What It Actually Necessitates:
The original signify was more like, “Anything that can go wrong, will go wrong … when you’ve got these chuckleheads for assistants.” The Murphy in Murphy’s Law wasn’t some historic genius or ancient philosopher, but a U.S. Air Force engineer called Edward A. Murphy. His evidence was provoked by a military venture committing a rocket-powered sled, apparently designed as a way to capture and relish a particularly elusive roadrunner.
US Air Force * Holds up signed that replies “Yipes! ” * Murphy was tasked with installing sensors of his own design on the sled, to evaluate its speeding, but once the test was ended, the sensors hadn’t weighed shit. Murphy blamed the failure on his assistants, pronouncing TAGEND
Nick T. Sparks Murphy’s Employee’s Law: “[ shrug ]. ”
“If there’s any room they can do it wrong , they will.” Yes, the original form of this popular proverb was just a passive-aggressive boss chewing out his employees( for something that might have actually been his flaw ).

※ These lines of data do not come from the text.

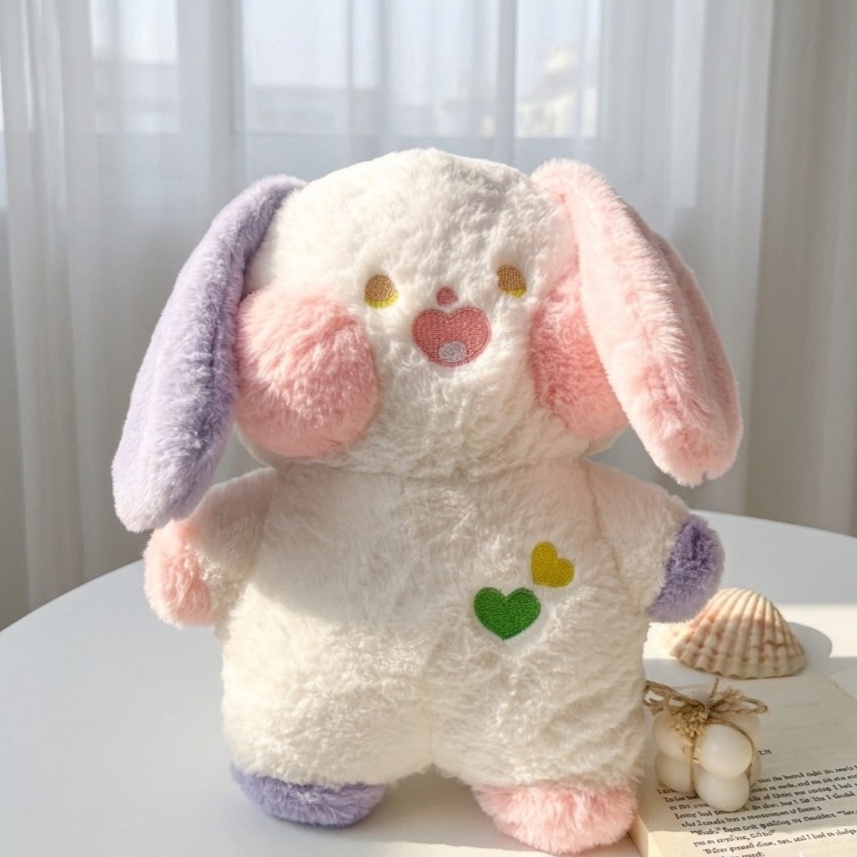 دبدوب أرنب صغير ملمسه ناعم زي الغيمة وألوانه باستيل هادية، ودانه طويلة وخدوده بينك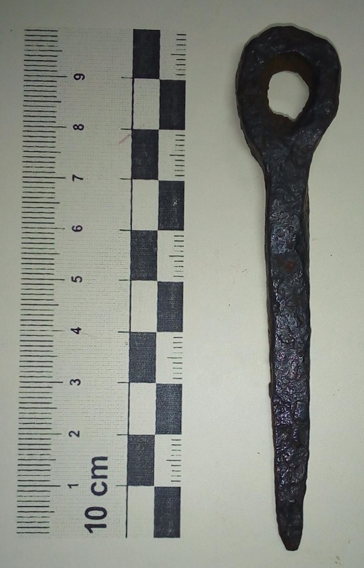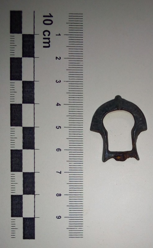 Наконечник стріли тип 34 (за Мєдвєдєвим А. Ф.) — черешковий, килеподібний, із розширенням у нижній частині пера, з упором, розширеним донизу. Сторони прямі. Черешок округлого перерізу.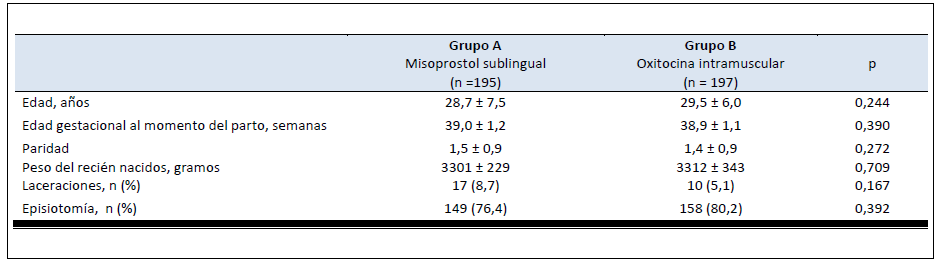 Se seleccionaron un total de 500 embarazadas las cuales se asignaron al azar para recibir misoprostol sublingual (grupo A) u oxitocina intramuscular (grupoB) durante el periodo de estudio. Los datos clínicos y de laboratorio completos se obtuvieron de 392 pacientes (195 en el grupo A y 197 en el grupo B) las cuales fueron incluidas para el análisis final (figura 1). No se encontraron diferencias significativas entre los grupos con respecto a edad de las pacientes, edad gestacional al momento del parto, paridad, peso del recién nacido al nacer, frecuencia de laceraciones y episiotomía (p = ns; tabla 1).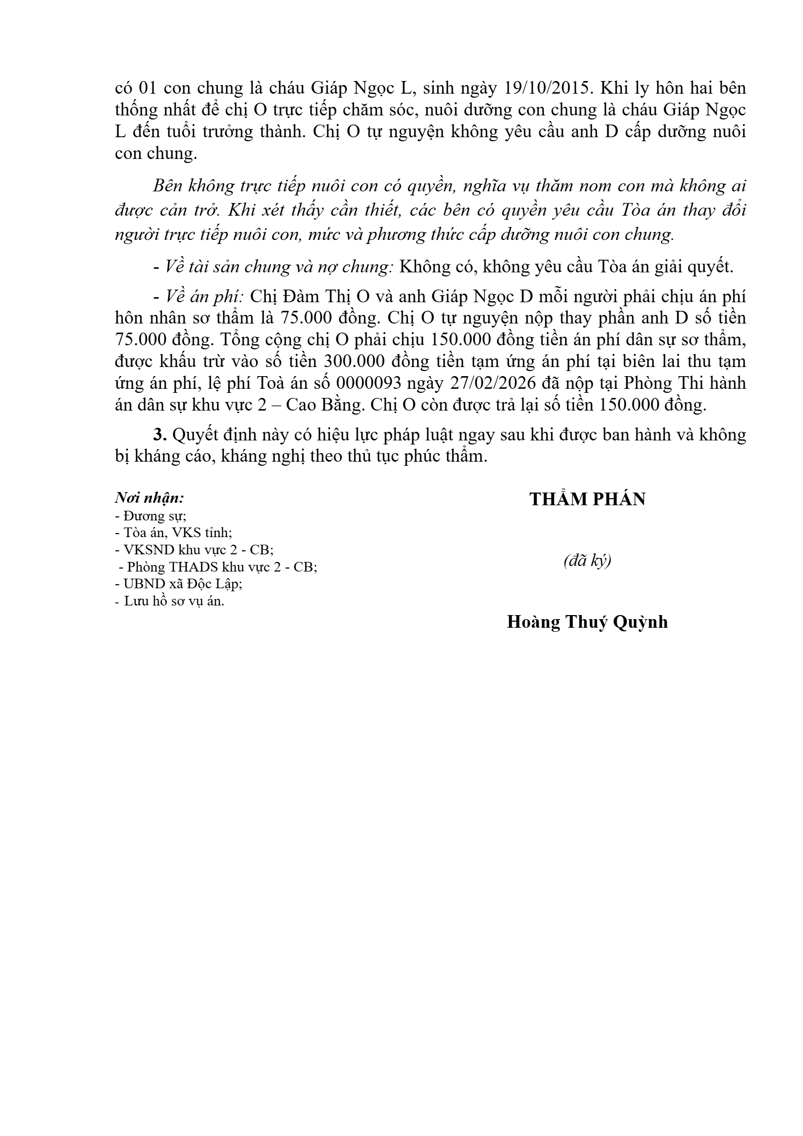 | Tòa án xét xử: | Tòa án nhân dân khu vực 2 - Cao Bằng, tỉnh Cao Bằng |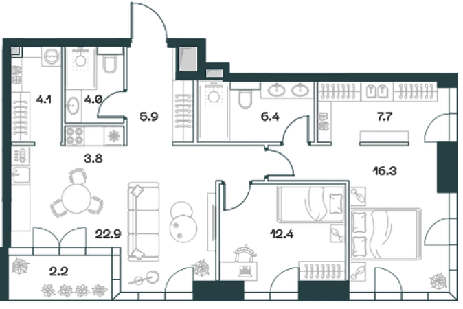 Купить 3к квартиру 85 м² в Премиум-квартал SHIFT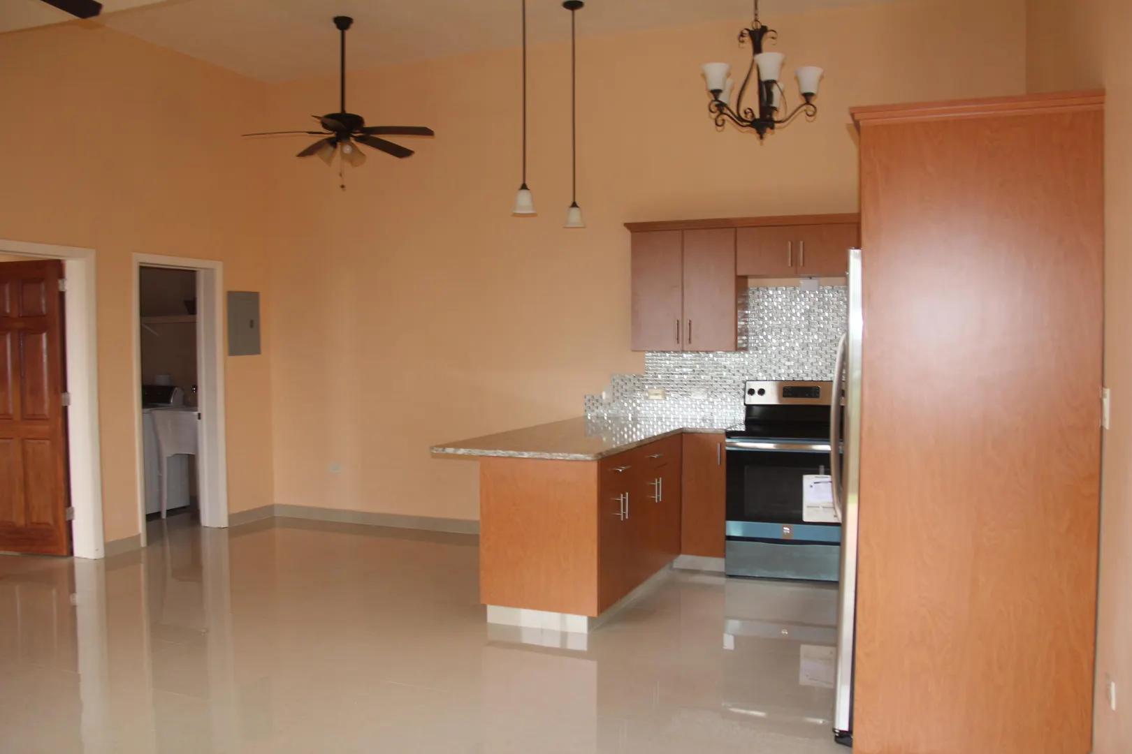 Brand New beautiful 1BR/1BA Apartment on the Northside in Solberg. This very spacious, recently built house has high ceilings, large kitchen and bedrooms is partially furnished with stainless steel appliances, washer and dryer, separate WAPA meter, cistern, professionally landscaped and automatic generator. No Pets.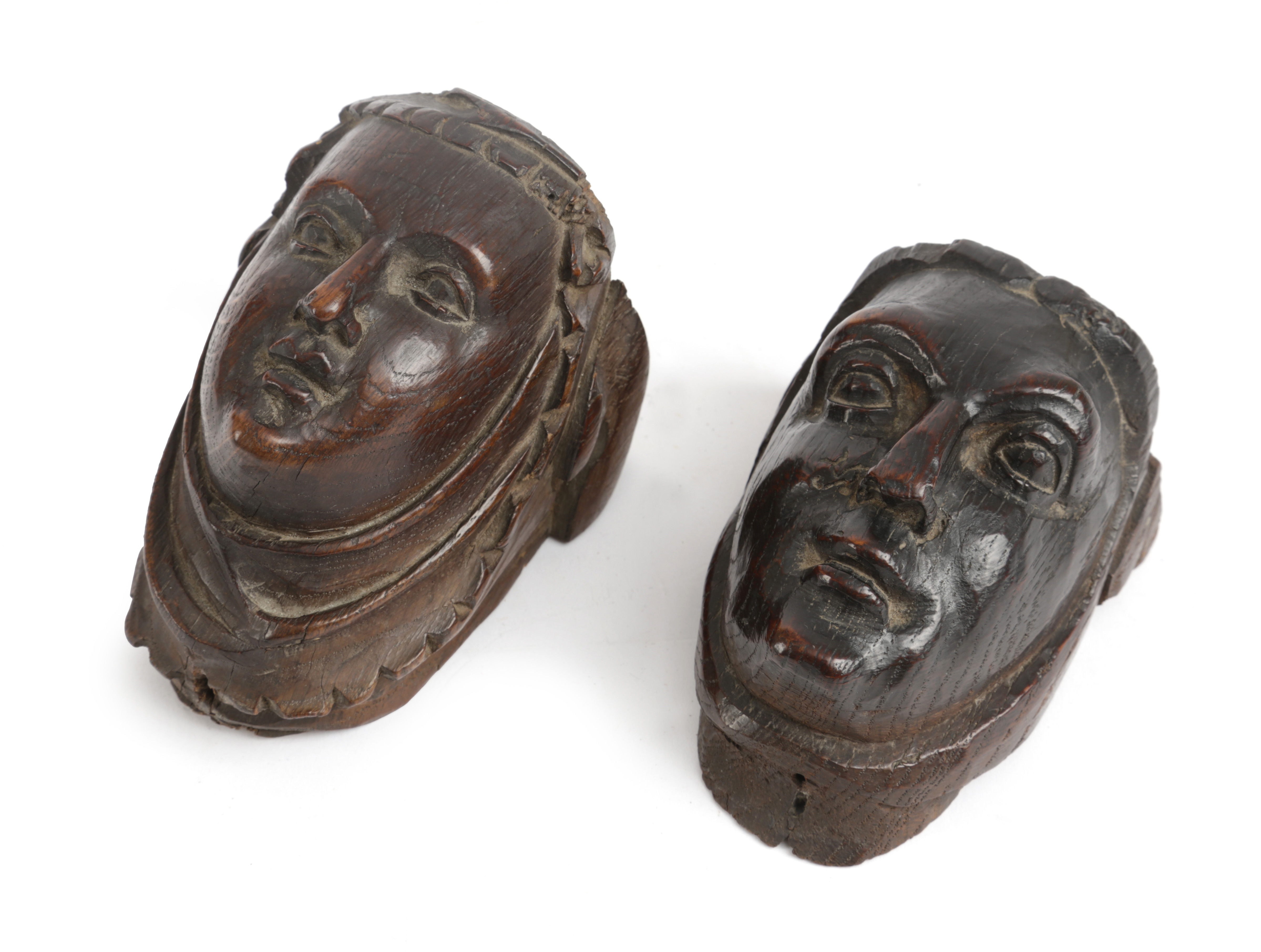 TWO SMALL 15TH CENTURY OAK PORTRAIT CORBELS

As the sled venture prolonged, other members of the team distilled Murphy’s phrase to a more familiar species( “If anything can go wrong, it will” ), and give it serve as a remember to make their patterns as idiot-proof as is practicable. Murphy’s Law was never meant to imply there’s a sitcom-like regulation that the universe is out to get you. Just that your boss thinks you suction. Of trend, this is all evidence of another universal rule that generally holds true: “Shit rotations downhill.”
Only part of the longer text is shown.